Before you even hit print it is a good idea to go on to different sites like Amazon or Barnes & Nobel to see books similar to your own. Look at how the are categorized and pay attention to the other books recommended. Once you have a list of books and authors you can search on Google or social media sites to see how those works and their creators are portrayed. You can then throw in some tweaks to make the promotions your own but you will have started by understanding who it is you are selling to.

At face to face events you are not always surrounded by just your target audience. When I get a booth at a show there are bound to be hundreds if not thousands of faces walking past me and only a small percentage will stop to talk to me about my books. That is fine though because I am not trying to sell to everyone, just to those that would be interested in my genres and topics. Kids like the candy on my table and the mothers with them tend to stop and chat with me about one or more of my books so for me it is a great ploy to get people at my table but for another author I see often that wrote a based on true events book about combat neither the kids nor their moms are the right group for him. He talks to the men that show up in military hats and the bikers with flags proudly stitched onto their vests.

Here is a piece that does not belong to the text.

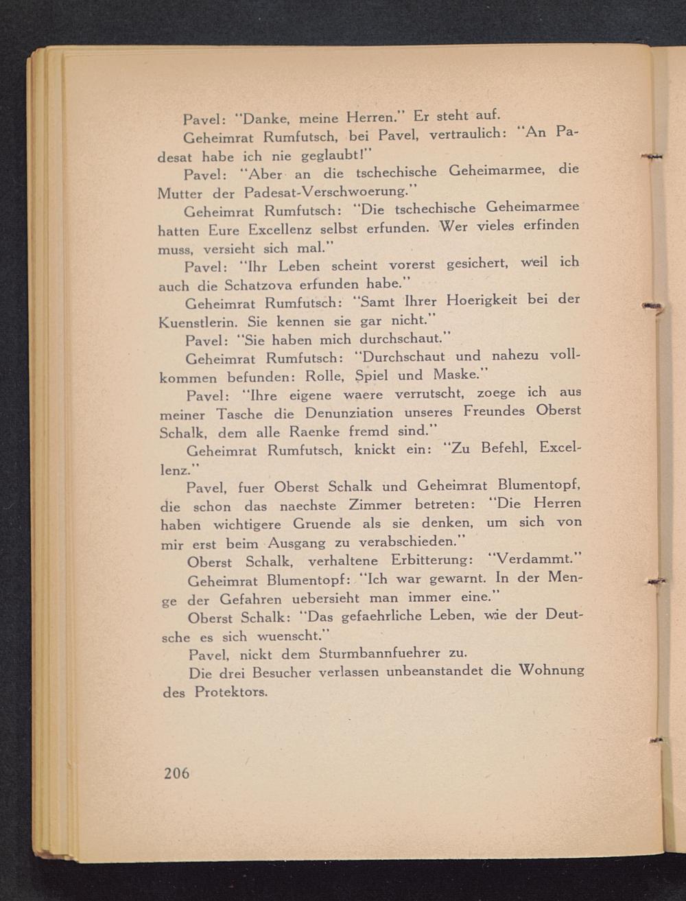 Pavel, fuer Oberst Schalk und Geheimrat Blumentopf,die schon das naechste Zimmer betreten: “Die Herrenhaben wichtigere Gruende als sie denken, um sich vonmir erst beim Ausgang zu verabschieden.”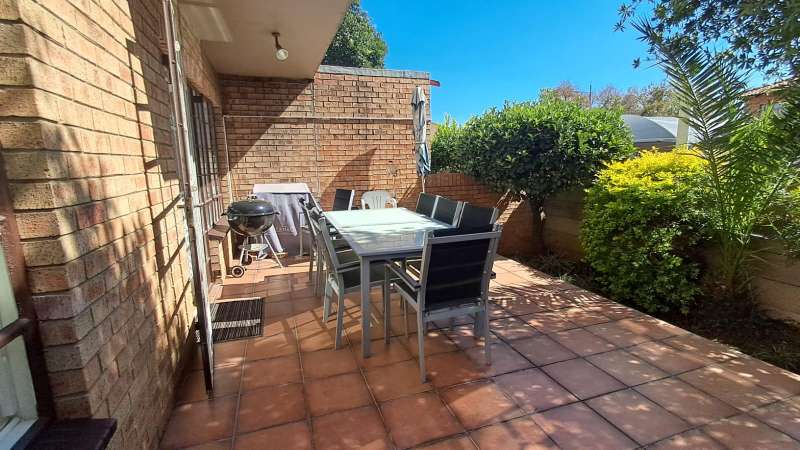 Lovely townhouse in a sectional scheme. Close to the schools and walk to the shops and centers. Double storey with a beautiful garden. Downstairs open plan lounge and dining area, doors open to a well established garden. Guest toilet is available. Kitchen has an exit door to the garden. Gas hob and electric oven and warmer. Double sink and space for washing machine. Security is good with automated gates and garage doors. Burglar proofing on the windows downstairs. Upstairs three, tranquil bedrooms and two bathrooms. Main bedroom has an en-suite. Balcony from main bedroom for a breeze in the hot evenings. Double garage and a double carport. Call me for a viewing appointment.

We do not overlap in our marketing because we have different audiences. We will however speak up if we are talking to a general book fan and mention the other author in attendance because cross promoting can help both of us. The biggest advice I can give is to make sure you do your research, not just on your book, but on who will buy it as well. That way you do not waste time and effort trying to catch the eye of the wrong people and instead can grow a true fanbase of those who will love what you created.